# Mushrooms - First Time - Bad trip and out of control



## oooryen

*Mushrooms - completely unexp. - Bad trip and out of control*

The first time I did Mushrooms was about 10 months ago. I drove with my roomate, (named R) to Santa Barbara where my other buddy (named S) lived. We got there at about 1:00am.  S introduced me to his roomate (named T). T started talking about mushrooms and I told him I have never tried them. We were all smoking bowls and T told me he could get me shrooms this very second. I was down for it. I was foolish and ignorant to what the substance would do to me.

When I had the mushrooms in my hands, I became nervous. It was the first time I have seen them, let alone, do them... It only took a good 5 minutes of contemplating.

I ate the 1/8th at about 2:00am. T got me a very tall glass of orange juice and told me it was for the best. 20 minutes into it, I remember starting to feel it coming on. I had my glasses on and as my friends tried to talk to me I saw their words come out and go around my body like I was enveloped in a sphere. I started laughing hysterically and tried to explain to them that I can see what they're saying, but not understand what it meant. They weren't tripping - so they had no idea. S told me to go try out some music. I put on the Chillout Stream on digitallyimported.com. I remember it sounded great. S, R, and T were playing Halo. I saw the alien come out of the TV and run around. I looked down to the carpet and I saw it waving around in firy motions. I saw myself in 3rd person, I was looking down at myself from over my left shoulder watching myself stare at the carpet in awe and confusion. At that point I was tripping hard and yelled out to S: "Is the carpet on fire or am I just tripping??!" T laughed and told me to go look into the mirror. That's when it all went horribly wrong.

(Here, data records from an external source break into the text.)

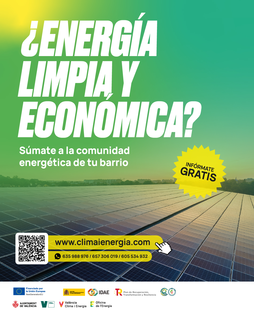 El Ayuntamiento de València, a través de la Fundació València Clima i Energia quiere ampliar la constitución de comunidades energéticas locales. El objetivo de una comunidad energética es ofrecer beneficios energéticos a sus miembros, pero también genera beneficios medioambientales, económicos y sociales para el barrio en el que funciona y para toda la ciudad. Desde el Ayuntamiento, a través de la Fundación València Clima i Energía, y con fondos europeos, se impulsa este modelo de generación y consumo de energía sostenible.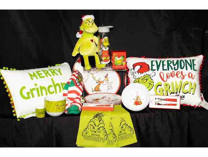 Includes: 2 quirky Grinch pillows - 2 Grinch “Naughty” dishtowels - 4 kids dishes - 4 kids bowls - Grinch toothpick holder - Grinch mug - One Grinch thermos - 2 sets of rinch Utensils - 1 Grinch Christmas Bauble - 2 Grinch Christmas stockings -1 Grinch stuffed animal -1 Cat in the Hat stuffed animal.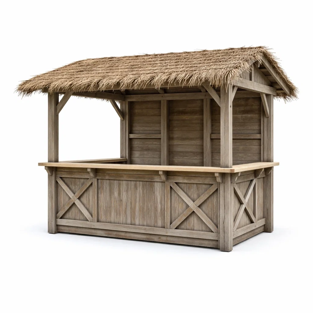 Struttura: Telaio in legno con tetto in paglia tradizionale.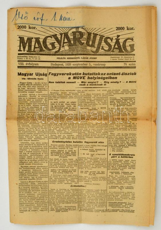 1926 A Magyar Újság induló száma https://www.darabanth.com/de/298-Fernauktion/298.0/Andere-Sammelgebiete/Militaria~100024/1926-A-Magyar-Ujsag-indulo-szama~II1597343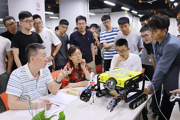 系里海洋航行器、智能车、机器人等师生科技竞赛团队的指导教师中,党员占七成以上。“为了决赛,我们放弃了暑假。宋老师也跟我们一起泡实验室。实验陷入僵局,他会及时点拨;碰到知识盲区,他会适时启发;我们懈怠,他又即时鞭策。” 今年8月,机械设计制造及其自动化2016级吕成所在的宋大雷教授师生团队,在第八届全国海洋航行器设计与制作大赛上一举夺得特等奖。

I didn't see myself in the mirror, but just a black void spiraling in a chaotic manner. I remember being in a state of total confusion. My vision was skewed I kept looking down and running around in circles. 

I vomited on my friends carpet and remember hearing them say:"Get him in the bathroom man!" I went out to his balcony and started to vomit. I halucinated voices that were laughing at me and making me feel uncomfortable. 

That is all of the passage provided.